• _EXERCISE PROMPT_: Print the data exactly as written, line for line, and leave its pictures behind.

• _DATASET EXTRACT_:
+ + + + +

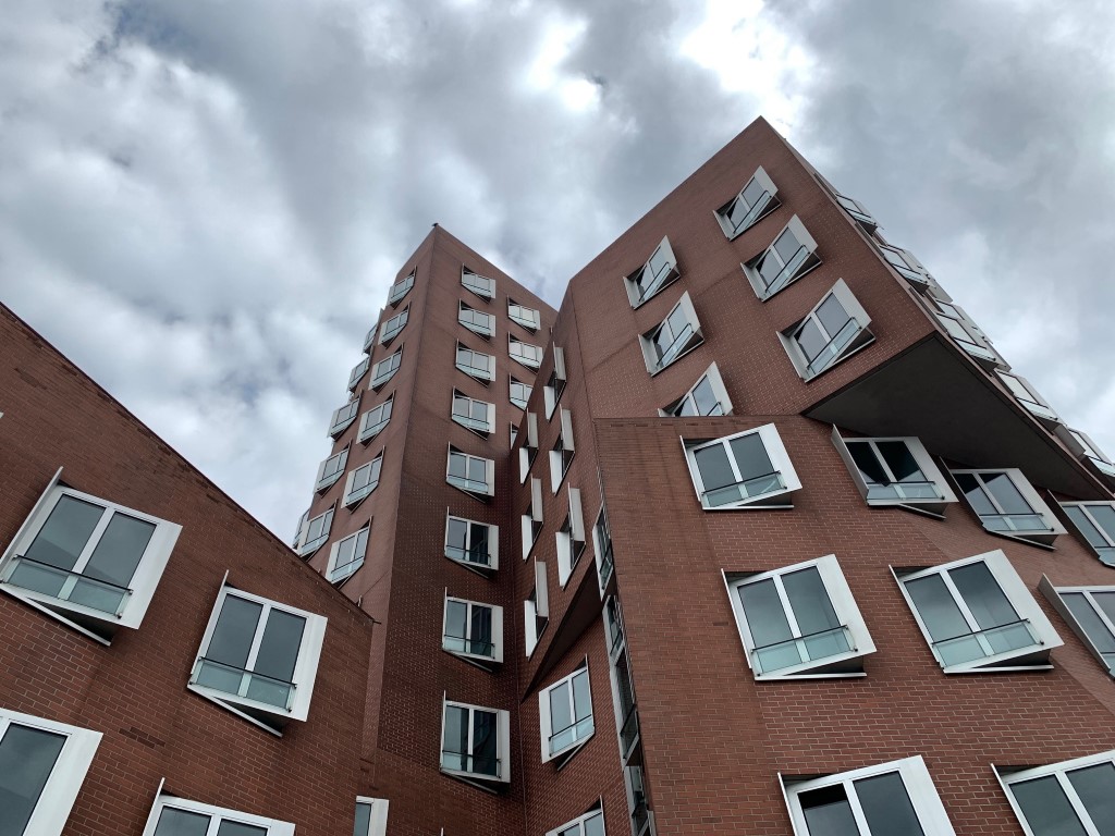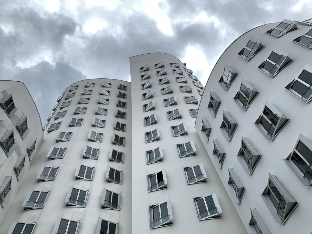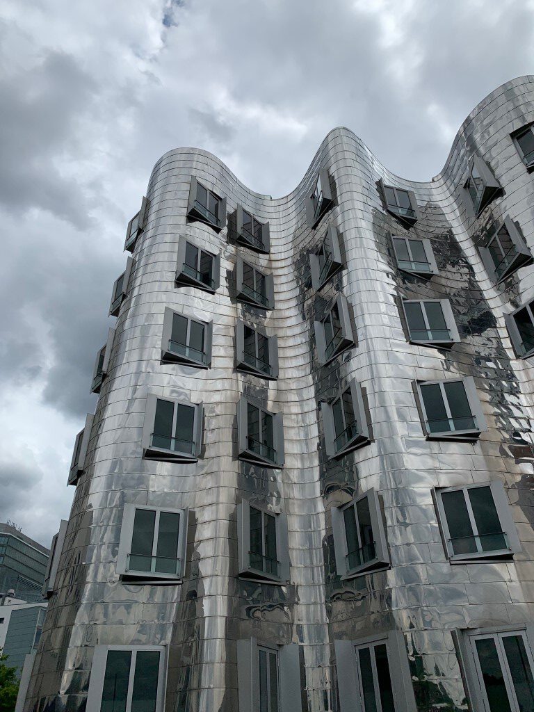 Hauptziel war bei der Rundfahrt der inzwischen berühmte Medienhafen mit den krummen und silbern schimmernden Gerrybauten, durch den es anschließen zu Fuß auf Exkursion ging.
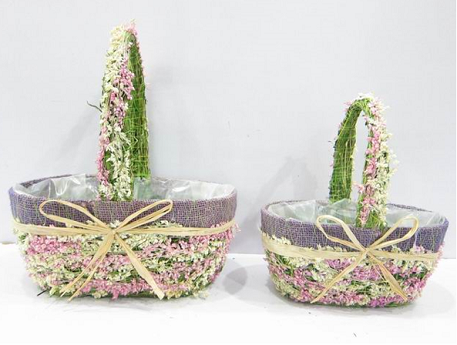 Набор включает в себя две корзины из травы разного размера цвет лавандовый:
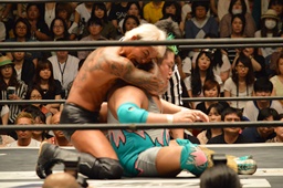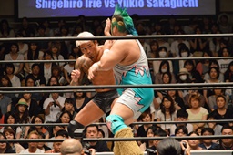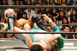 入江ボディスラムからテディベア、坂口かわす(右写真)。

+ + + + +

• _THE ANSWER_:
 Hauptziel war bei der Rundfahrt der inzwischen berühmte Medienhafen mit den krummen und silbern schimmernden Gerrybauten, durch den es anschließen zu Fuß auf Exkursion ging.
 Набор включает в себя две корзины из травы разного размера цвет лавандовый:
 入江ボディスラムからテディベア、坂口かわす(右写真)。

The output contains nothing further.